Donors Who Helped Save Henry Coe Park Want Money Back From State
MORGAN HILL (CBS 5) — The State of California is refusing to refund a group that pledged to keep a Bay Area park open, despite an investigation revealing the State Parks Department was sitting on millions in hidden funds.
“The most aggravating thing for me is that we worked like the very devil for more than a year to raise enough money to keep the park open for three years, and then suddenly discover that it’s not needed,” Winslow Briggs said.
Briggs, a retired Stanford University professor, and his wife Ann donated their time and money to keep their beloved Henry Coe State Park in Santa Clara County from closing due to budget cuts.
“As a family, about $5,000,” Ann Briggs said.
Their Coe Park Preservation Fund became a statewide model, with the State Senate and Assembly commending them for raising $350,000. Then it was discovered the California Parks Department had a stash of $54 million hidden in its own budget.
“If they didn’t know, shame on them.
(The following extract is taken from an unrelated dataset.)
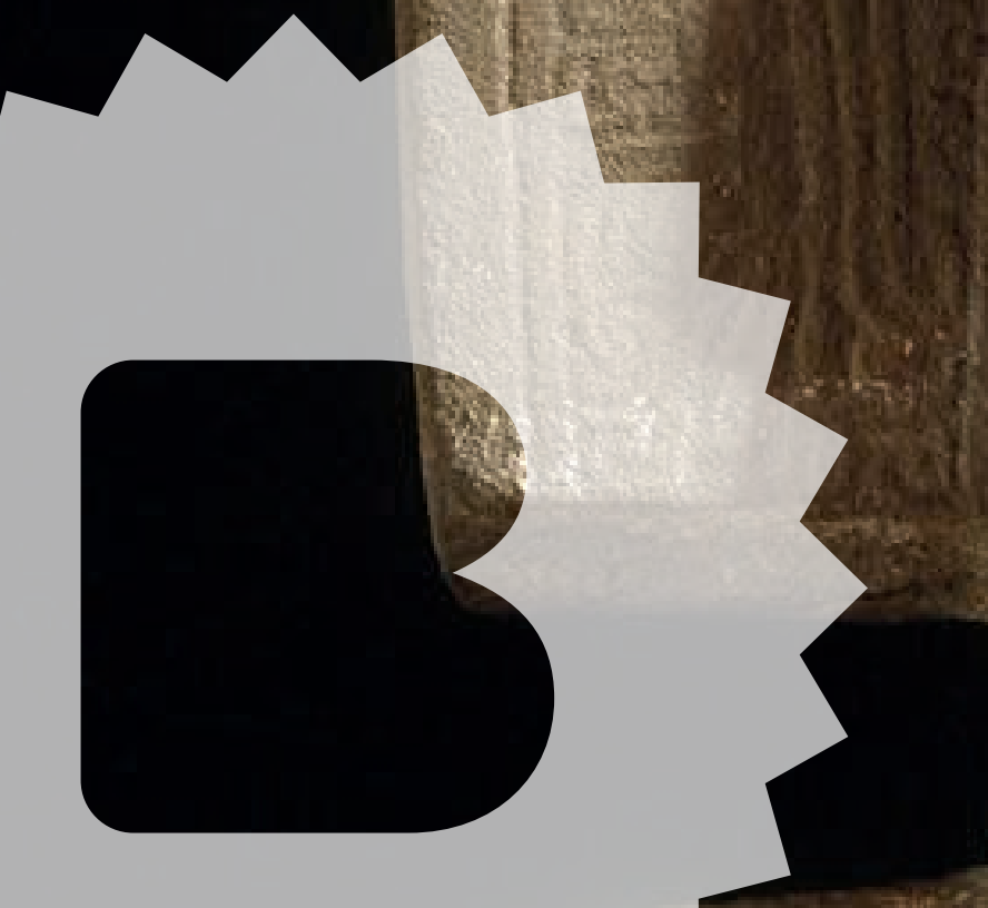
Figura de Vida y Muerte , 900–1250

If they did know, shame on them,” Winslow Briggs said.
It was more than enough to keep Henry Coe and other state parks open.
“As a donor, I just felt as duped as everyone else,” Ann Briggs said.
The $54 million was found after the preservation fund wrote a check to the state for $279,000. Now, the volunteers want that money back.
“I think we should write to all the donors and offer their money back because it was gotten under false pretenses,” Ann Briggs said.
So far, the state is refusing. “There is no mechanism right now in state law to have us refund money to the Coe Foundation. We’ve reached out to them. We’d like to have a conversation with them about that. We would like to keep that partnership alive,” said Richard Stapler of the California Natural Resources Agency.
Winslow Briggs refutes Stapler’s statement. “They have never tried to reach us and there hasn’t been any email contact either,” he said.
The Briggs said the damage is done in trust and money. Another $20 million in pledges the fund had secured is evaporating.
“We had big donors pretty well lined up. Now, we don’t have them anymore as a result of this fiasco,” Winslow Briggs said.